One immediate question raised by this is even though the group does the same thing year after year, its costs vary dramatically – over $100,000 difference between 2008-09. Reviewing its records, it seems to spend in relation to its reserves, even incurring greater expenses than revenues in some years if reserves are higher than usual. Burrell’s salary seems pretty constant, averaging $48,500 – although it’s difficult to tell since 2010 as after then he began working on a contractual arrangement and the forms sometimes are incorrectly filled out; for example, in 2012 Burrell is listed as receiving no compensation and no management fees are listed, despite his claim of working 40 hours a week for ICE, yet “other expenses” are listed as $61,090. (Another inconsistency is that year after year ICE reports show it “conducted 20 bizcamps to educate students on entrepreneurship,” yet it appears the group only conducts one of these a year.)

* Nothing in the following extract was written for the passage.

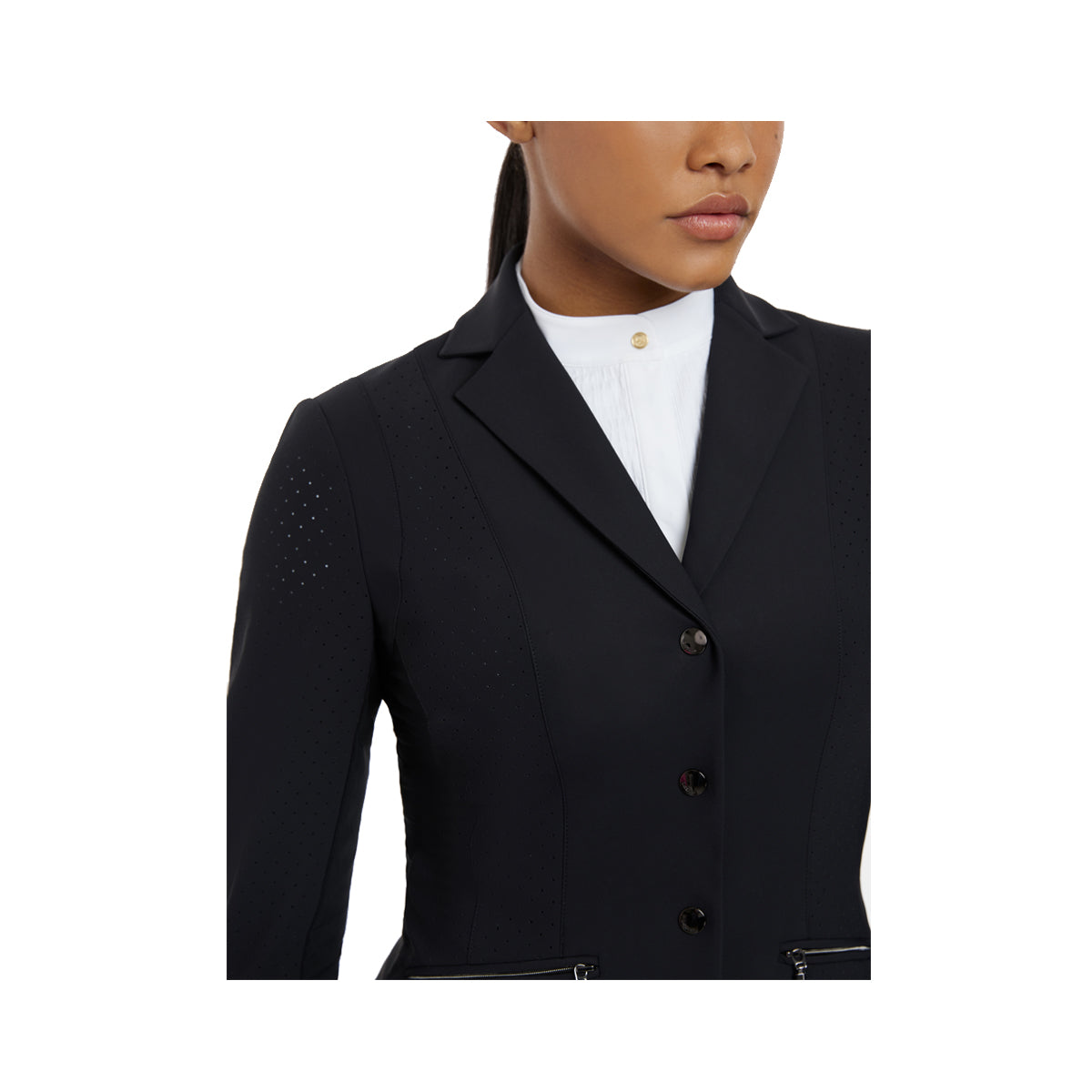 It's a lightweight, breathable show jacket designed to take care of the temperature so you can focus on performing your best. Perforated panels and ultra-fine mesh under the arms and armpits ensure ventilation and airflow, no matter how hard you work.

In addition to the tremendous variation in expenditures surrounding the only single thing it does every year, Burrell’s hours worked for the group and the proportion of its expenses going to pay him also seem unusual. Reviewing similar-sized groups in revenue terms, it’s extraordinary for a group with that relatively low amount of revenue to pay out 43.8 percent of its revenues over more than a decade for the services of the same manager. Putting it another way, it appears every government grant dollar plus $65,000 went to his compensation from 2005-12. And for a group that holds one major event a year and receives almost half of its money from government, that Burrell spent about 2,000 hours a year on the job – realizing that he serves full-time in the Legislature 45 to 60 days a year and part-time the remainder of the year – also appears unusual.

The group’s governing board, which changed entirely from 2001-12 and recently included Caddo Parish Commissioner Stephanie Lynch, doesn’t seem to mind. It stated in the yearly Form 990s through 2010 that it granted such compensation on the basis of performance, and its willingness to contract to Burrell’s firm from 2011 on speaks to that. Local governments continue to pony up, and other donors, apparently led by a dozen or so area businesses, which can be expected to be affected by ordinances at the local level and legislation at the state level, and local foundations, continue to give to it.

But the typical voter, even as the cause may seem worthy, must wonder whether the organization would be raising this money or paying these amounts for management if Burrell did not sit as a councilman, state representative, or had not been running for mayor essentially for the past five years. They also might ponder how these financial maneuverings would translate to his performance if given far more government money to spend as mayor.